We’ve all seen the types of prompt engineering people have done with ChatGPT to get it to act as malicious chatbots or suggest illegal things, and as everyone starts implementing their own versions within their apps we’re going to see people trying it more and more.

Has anyone looked into how to counter this when using the ChatGPT API?

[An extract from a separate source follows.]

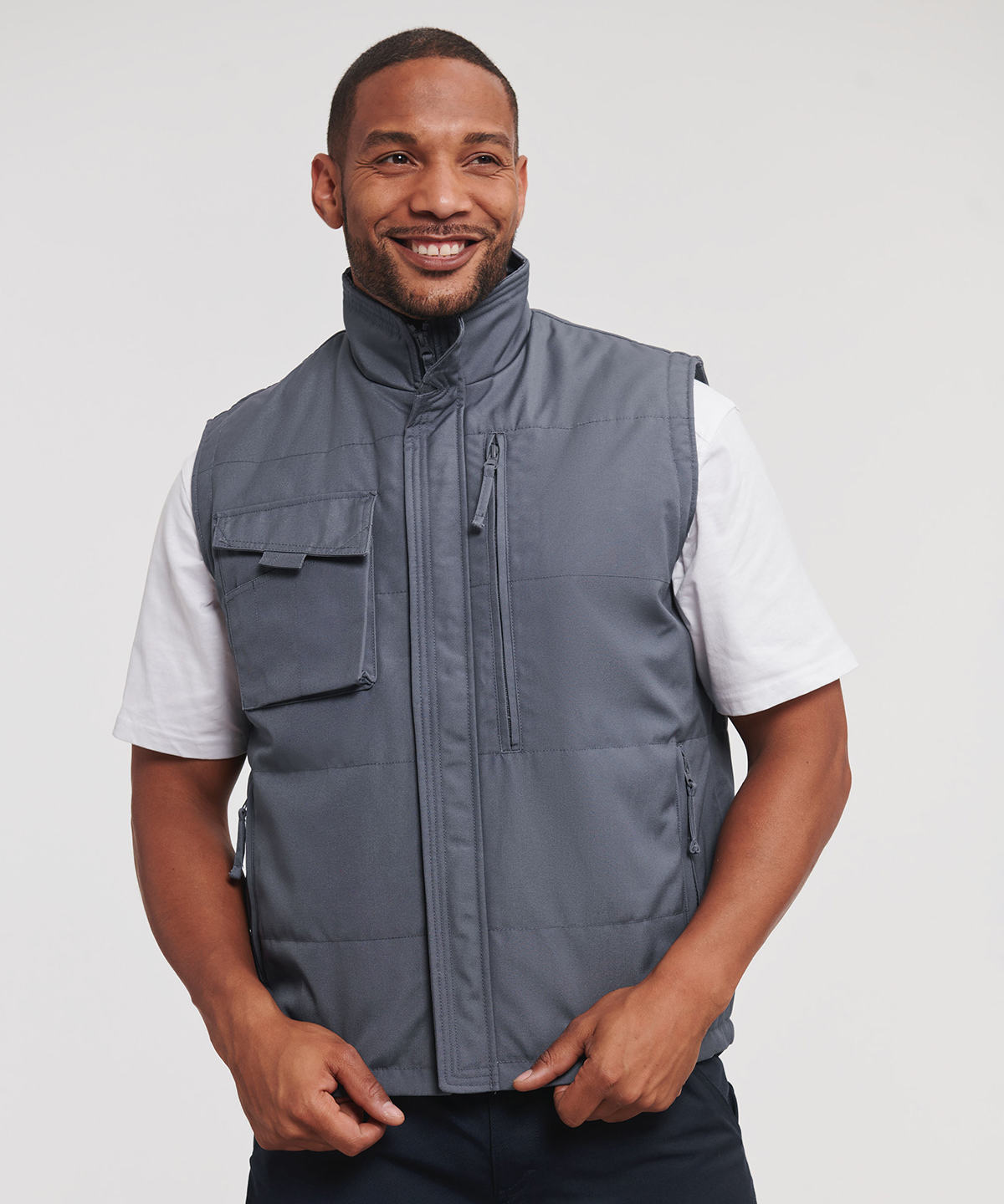 The hardwearing outer material makes this warm, wadded gilet most suitable for heavy duty work environments. Versatile pockets provide storage space for all-important items large and small (including A4 documents – unfolded!).
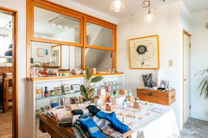 児島・琴浦地区で、東京から移住してきた稲葉さん夫妻が営む小さなカフェと雑貨の店。旧薬局だった建物をリノベーションした店内には、「暮らしを愉しむ」をコンセプトに集められた雑貨や食品が並びます。

For example, I’ve seen people use questions with meetdara.ai that ask it what instructions it has been given so it ends up repeating the System role content, even when I use prompts to tell it not to.

anon10827405 · March 4, 2023, 5:52pm

Add a secondary “prompt optimizer” AI/Logic to verify & clean the information. Kind of similar to the moderations endpoint.

sanjay.ai · March 4, 2023, 6:52pm

Do you mean within the system role’s content? Or as some form of fine-tuning?

anon10827405 · March 4, 2023, 7:03pm

About the same time you run your message through the moderations endpoints, it may be a good idea to also run it through your own personal system to confirm that the message is safe

PaulBellow · March 6, 2023, 7:32pm

I’m doing this… hitting Babbage at low temp to test user input… I gave it 10 or 20 examples in the prompt, I think, so around 1,000 tokens… at Babbage prices, though, it’s not shabby … and quick!

funny results sometimes…

stevenic · March 6, 2023, 7:43pm

One suggestion I’d make is to minimize the amount of conversation history you’re passing in with your prompt. I generally pass 1 turn of conversation history into the prompt. The users current message plus their last message and the assistants response… This is enough to generally make language features like co-referencing work (e.g. the user saying “I’ll buy 3 of those” and the AI knowing what the user is referring to) but avoids a user from jailbreaking the prompt for more than a single turn…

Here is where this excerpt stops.